**Task statement:** Please reproduce the records exactly, leaving out any pictures.

**Data items:**
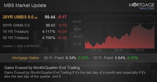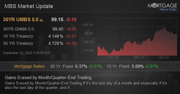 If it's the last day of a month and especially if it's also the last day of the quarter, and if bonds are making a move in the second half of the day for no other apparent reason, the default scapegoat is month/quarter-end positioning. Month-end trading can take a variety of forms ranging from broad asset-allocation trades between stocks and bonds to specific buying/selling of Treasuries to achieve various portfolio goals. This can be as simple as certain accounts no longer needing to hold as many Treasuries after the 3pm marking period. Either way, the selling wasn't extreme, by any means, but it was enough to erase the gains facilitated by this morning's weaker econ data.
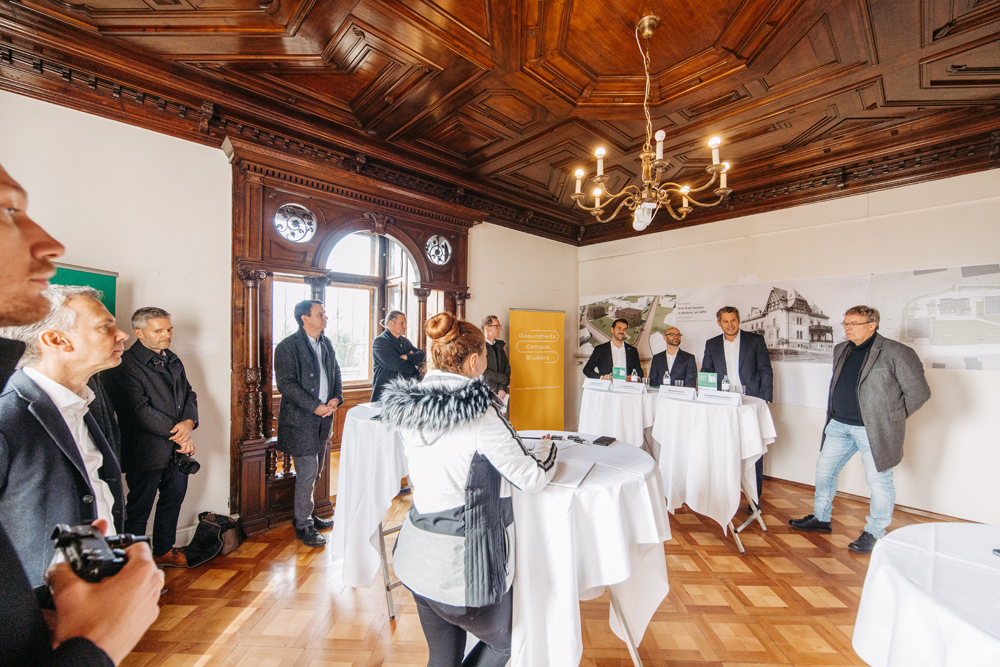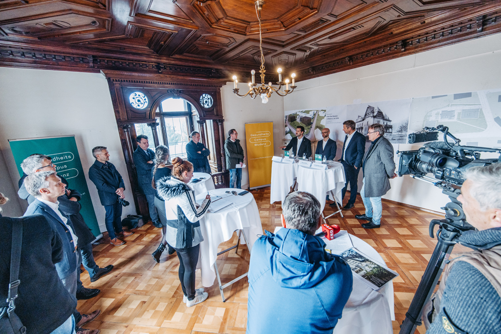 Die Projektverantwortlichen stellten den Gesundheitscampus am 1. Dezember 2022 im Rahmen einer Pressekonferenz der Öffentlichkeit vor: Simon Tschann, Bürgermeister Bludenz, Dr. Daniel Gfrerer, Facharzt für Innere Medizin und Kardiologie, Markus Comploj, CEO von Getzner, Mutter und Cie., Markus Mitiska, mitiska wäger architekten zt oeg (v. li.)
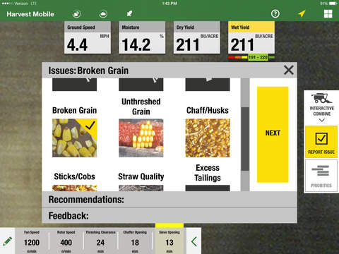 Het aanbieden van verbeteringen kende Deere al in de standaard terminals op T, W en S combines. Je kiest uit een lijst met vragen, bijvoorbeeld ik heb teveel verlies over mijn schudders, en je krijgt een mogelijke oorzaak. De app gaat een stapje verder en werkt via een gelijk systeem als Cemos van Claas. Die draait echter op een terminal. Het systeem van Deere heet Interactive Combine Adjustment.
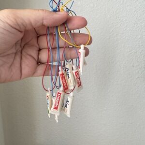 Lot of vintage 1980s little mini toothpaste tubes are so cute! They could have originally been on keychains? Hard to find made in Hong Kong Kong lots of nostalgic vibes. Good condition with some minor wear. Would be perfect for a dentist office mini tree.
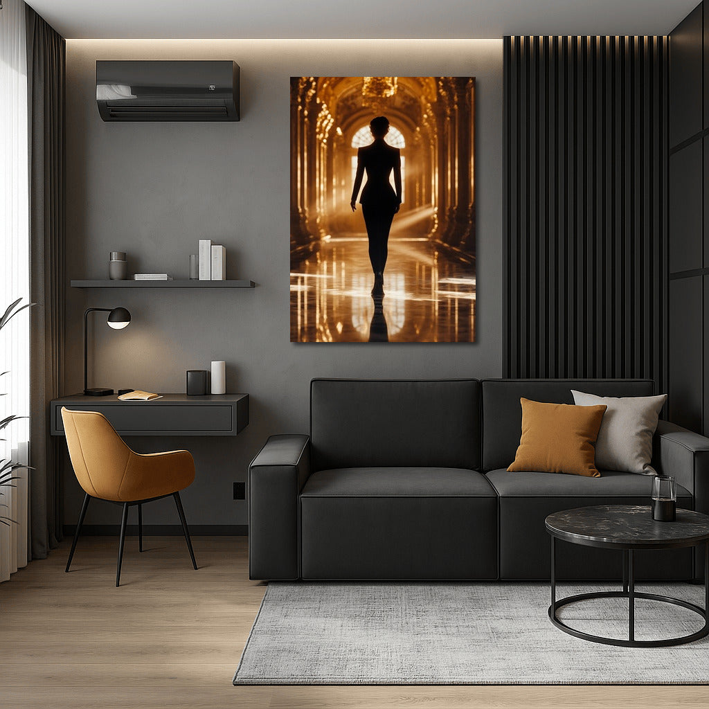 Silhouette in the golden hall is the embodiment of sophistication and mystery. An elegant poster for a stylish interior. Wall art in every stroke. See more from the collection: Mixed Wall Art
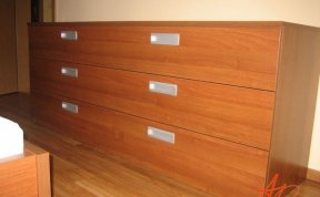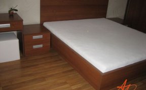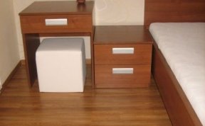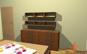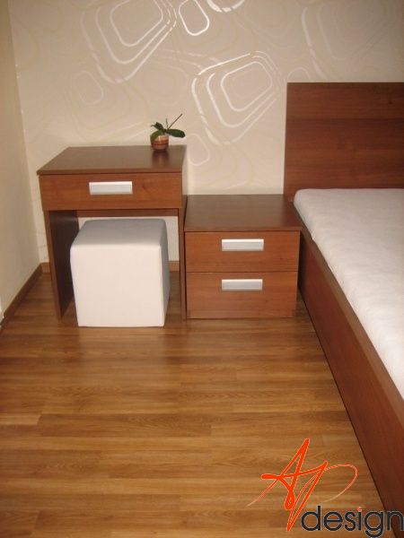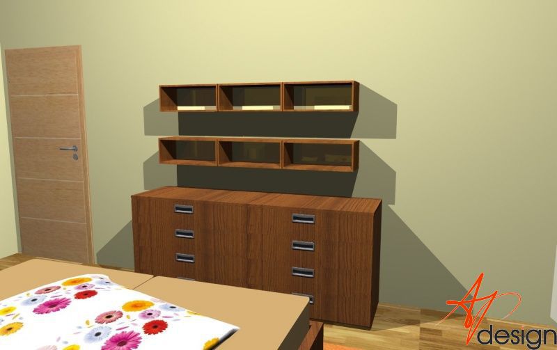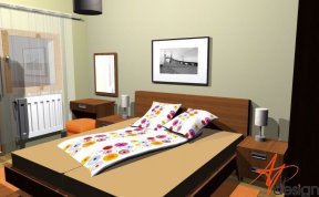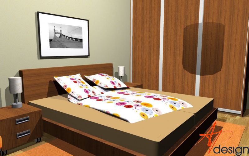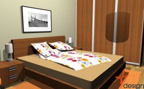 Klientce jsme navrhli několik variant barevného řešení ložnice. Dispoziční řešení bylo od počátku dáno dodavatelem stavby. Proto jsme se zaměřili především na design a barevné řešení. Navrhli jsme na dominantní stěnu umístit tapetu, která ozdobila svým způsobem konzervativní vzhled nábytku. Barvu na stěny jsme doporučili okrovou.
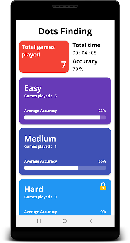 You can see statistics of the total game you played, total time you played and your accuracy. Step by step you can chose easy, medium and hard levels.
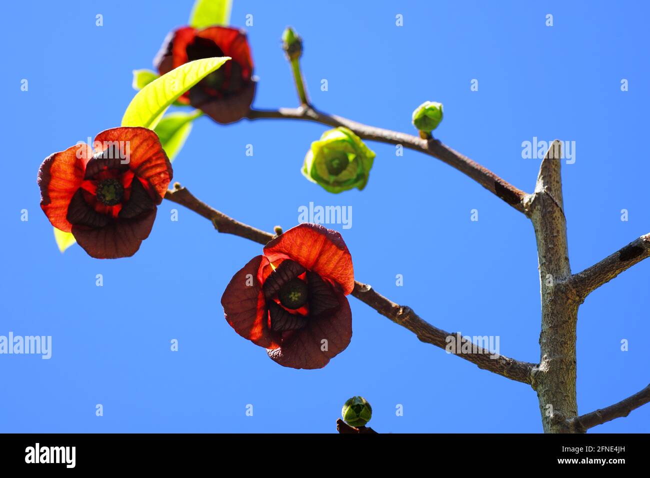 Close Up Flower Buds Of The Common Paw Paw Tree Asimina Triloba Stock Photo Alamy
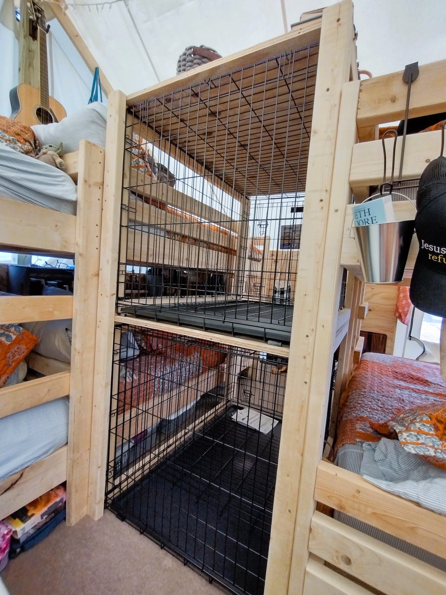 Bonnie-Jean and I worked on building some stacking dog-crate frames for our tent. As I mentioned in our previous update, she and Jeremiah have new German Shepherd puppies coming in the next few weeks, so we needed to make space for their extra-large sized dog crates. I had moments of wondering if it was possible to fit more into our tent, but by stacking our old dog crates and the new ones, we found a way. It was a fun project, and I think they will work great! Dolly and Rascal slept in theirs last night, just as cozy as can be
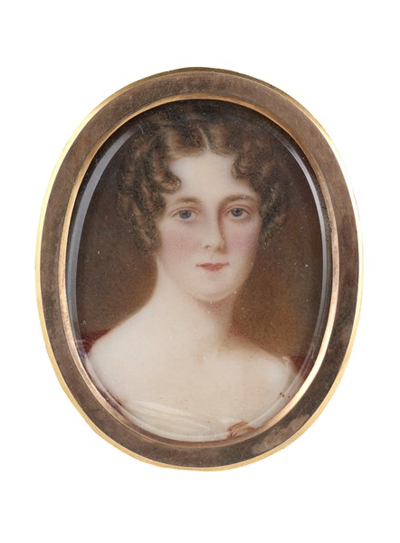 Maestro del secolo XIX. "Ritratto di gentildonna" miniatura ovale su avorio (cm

**Solution below:**
 If it's the last day of a month and especially if it's also the last day of the quarter, and if bonds are making a move in the second half of the day for no other apparent reason, the default scapegoat is month/quarter-end positioning. Month-end trading can take a variety of forms ranging from broad asset-allocation trades between stocks and bonds to specific buying/selling of Treasuries to achieve various portfolio goals. This can be as simple as certain accounts no longer needing to hold as many Treasuries after the 3pm marking period. Either way, the selling wasn't extreme, by any means, but it was enough to erase the gains facilitated by this morning's weaker econ data.
 Die Projektverantwortlichen stellten den Gesundheitscampus am 1. Dezember 2022 im Rahmen einer Pressekonferenz der Öffentlichkeit vor: Simon Tschann, Bürgermeister Bludenz, Dr. Daniel Gfrerer, Facharzt für Innere Medizin und Kardiologie, Markus Comploj, CEO von Getzner, Mutter und Cie., Markus Mitiska, mitiska wäger architekten zt oeg (v. li.)
 Het aanbieden van verbeteringen kende Deere al in de standaard terminals op T, W en S combines. Je kiest uit een lijst met vragen, bijvoorbeeld ik heb teveel verlies over mijn schudders, en je krijgt een mogelijke oorzaak. De app gaat een stapje verder en werkt via een gelijk systeem als Cemos van Claas. Die draait echter op een terminal. Het systeem van Deere heet Interactive Combine Adjustment.
 Lot of vintage 1980s little mini toothpaste tubes are so cute! They could have originally been on keychains? Hard to find made in Hong Kong Kong lots of nostalgic vibes. Good condition with some minor wear. Would be perfect for a dentist office mini tree.
 Silhouette in the golden hall is the embodiment of sophistication and mystery. An elegant poster for a stylish interior. Wall art in every stroke. See more from the collection: Mixed Wall Art
 Klientce jsme navrhli několik variant barevného řešení ložnice. Dispoziční řešení bylo od počátku dáno dodavatelem stavby. Proto jsme se zaměřili především na design a barevné řešení. Navrhli jsme na dominantní stěnu umístit tapetu, která ozdobila svým způsobem konzervativní vzhled nábytku. Barvu na stěny jsme doporučili okrovou.
 You can see statistics of the total game you played, total time you played and your accuracy. Step by step you can chose easy, medium and hard levels.
 Close Up Flower Buds Of The Common Paw Paw Tree Asimina Triloba Stock Photo Alamy
 Bonnie-Jean and I worked on building some stacking dog-crate frames for our tent. As I mentioned in our previous update, she and Jeremiah have new German Shepherd puppies coming in the next few weeks, so we needed to make space for their extra-large sized dog crates. I had moments of wondering if it was possible to fit more into our tent, but by stacking our old dog crates and the new ones, we found a way. It was a fun project, and I think they will work great! Dolly and Rascal slept in theirs last night, just as cozy as can be
 Maestro del secolo XIX. "Ritratto di gentildonna" miniatura ovale su avorio (cm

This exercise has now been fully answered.